The tabloid’s pugnacious founder and owner, mogul Jimmy Lai, is already in jail. He was sentenced this spring to 14 months in prison for participating in illegal gatherings and faces new charges under Beijing’s National Security Act.
But his real offense was probably political. Lai has long been a vocal critic of the Chinese Communist Party. He predicted last May in the New York Times that Beijing “would tire of not only Hong Kong’s free press, but its free people as well.”
He also warned his team that being a reporter in Hong Kong was “dangerous work”.
“We knew we wouldn’t be safe once our boss was targeted,” Yu said. “We were living in a kind of terror and awaiting death.
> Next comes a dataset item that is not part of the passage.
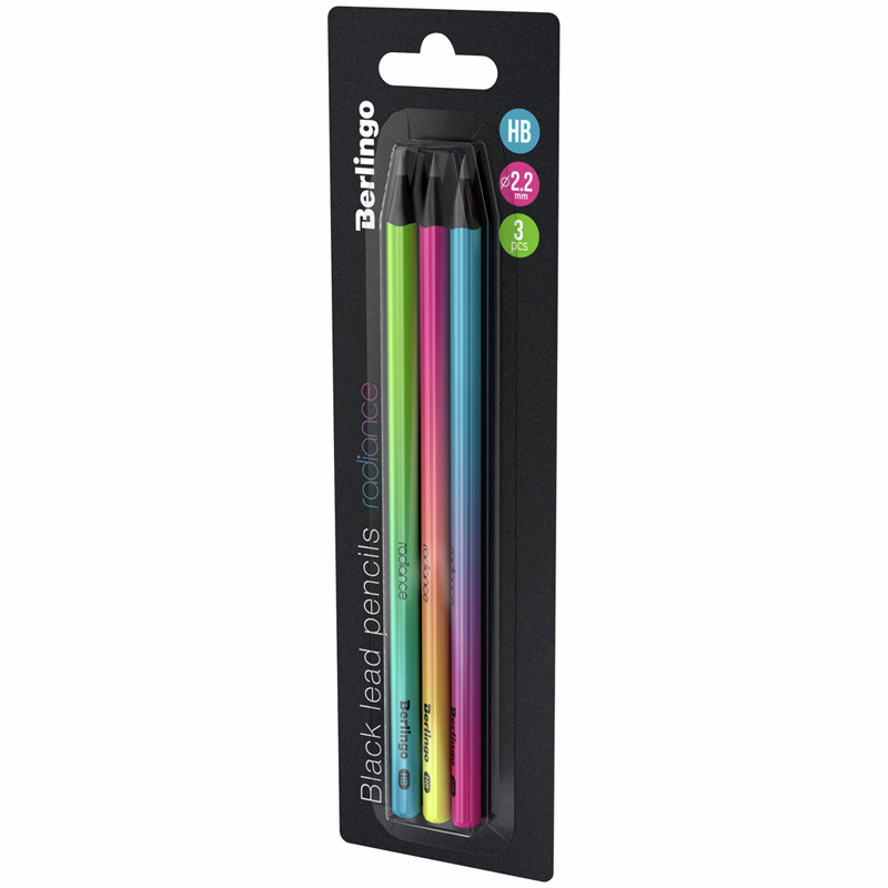 Набор чернографитных карандашей Berlingo Radiance. В дизайне чернографитного ударопрочного карандаша из черного дерева с заточкой, который входит в кросс-серию Berlingo Radiance, отчётливо прослеживается актуальная тенденция последних сезонов – неоновый градиент. Яркие высоко глянцевые дизайны корпуса представлены в 3-х вариантах. Карандаш не ломается при падении и безопасен для детей. Эргономичная трехгранная форма корпуса создает дополнительный комфорт при использовании. Карандаш закруглен, срез обработан в цвет корпуса. Он подходит для черчения и рисования.

But it’s hard to believe the time is right.”
National security law undermines press freedom
Journalist Yeung Ching-kee was also arrested this week.
Like the rest of the Apple Daily archives, its columns accusing officials of plotting to “strangle” the tabloid are no longer online.
Indeed, much of Hong Kong’s free-wheeling media atmosphere – unique on Chinese soil – is now fading.

Its traditional freedom of expression has been curtailed by a sweeping national security law imposed by Beijing a year ago and increasingly used to muzzle political opponents, despite China’s promises that Hong Kong people would be allowed to retain their freedoms for at least 50 years after the former Briton. colony came under Chinese rule in 1997.
Critics say the security law is also used to prosecute other officials that lawyers, artists and academics dislike.
A Hong Kong journalism professor who told CBC News that normally it is “against my professional code” to comment anonymously is so afraid of a police visit that she wants to be identified with the pseudonym d ‘Alexia.
She believes the shutdown in a critical voice like Apple Daily signals the end of press freedom in the city.
“The National Security Law appears to be something comprehensive, unfamiliar to Hong Kong in every way,” she said in a text exchange with CBC News. “It sends a message to everyone in Hong Kong,” especially reporters.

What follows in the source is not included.